Now too many reporters, too many political people in the Republican Party in this town, want to maintain their relationships with the press. This is how Sarah Palin got handed over to Katie Couric and to ABC before she was ready—because Steve Schmidt and others want to preserve their view, you know, their relationships with the press. You know, people have their own agendas, and often it’s not winning. But this not-pushing-back is a problem, and they don’t do it. And, you know what this is a different era: The old argument of “You don’t attack someone in the press”—but it’s “You don’t get in a pissing match with someone who buys ink by the barrel”—doesn’t apply anymore. There are too many outlets, too many ways to do it, and the country doesn’t have the confidence in the press that they once had.
But all I want to conclude to this is that we face a fundamental danger here.
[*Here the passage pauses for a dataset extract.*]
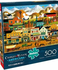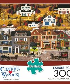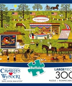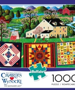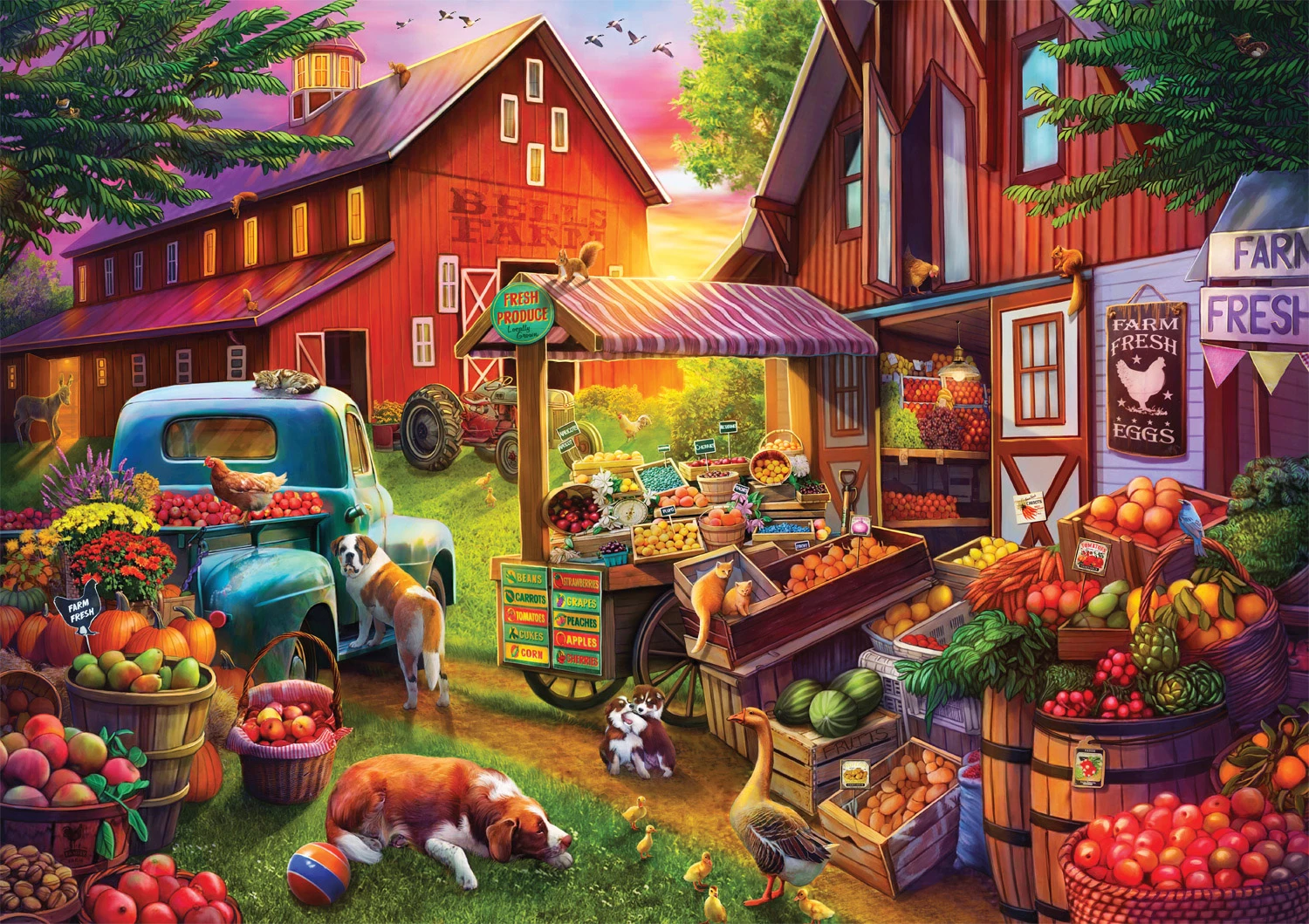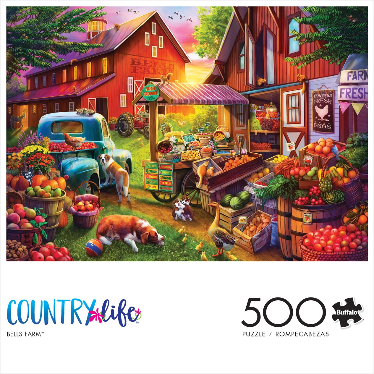 This 500-piece jigsaw puzzle, Bells Farm, is part of the Country Life Collection by Buffalo Games. A plethora of fruits and vegetables are for sale at the Bells Farm farmers’ market. Apples, carrots, pumpkins, berries, an even freshly cut flowers are available at this seasonal stand. When picking out your produce, don’t forget to stop and pet the dogs and cats that are scattered around the farm. Every Buffalo Games jigsaw puzzle is manufactured from recycled puzzle board. A precision cutting technique guarantees that every piece will fit soundly with the company’s signature Perfect Snap™. A bonus puzzle poster is also included so that you have a handy reference of what the completed puzzle should look like while you put yours together.

The fundamental danger is this: I talked about the defense of the First Amendment. The press’s job is to stand in the ramparts and protect the liberty and freedom of all of us from a government and from organized governmental power. When they desert those ramparts and go to serve—to decide that they will now become an active participants—when they decide that their job is not simply to tell you who you may vote for, and who you may not, but, worse—and this is the danger of the last two weeks—what truth that you may know, as an American, and what truth you are not allowed to know, they have, then, made themselves a fundamental threat to the democracy, and, in my opinion, made themselves the enemy of the American people. And it is a threat to the very future of this country if that—we allow this stuff to go on, and we cross—we’ve crossed a whole new and frightening slide on the slippery slope this last two weeks, and it needs to be talked about.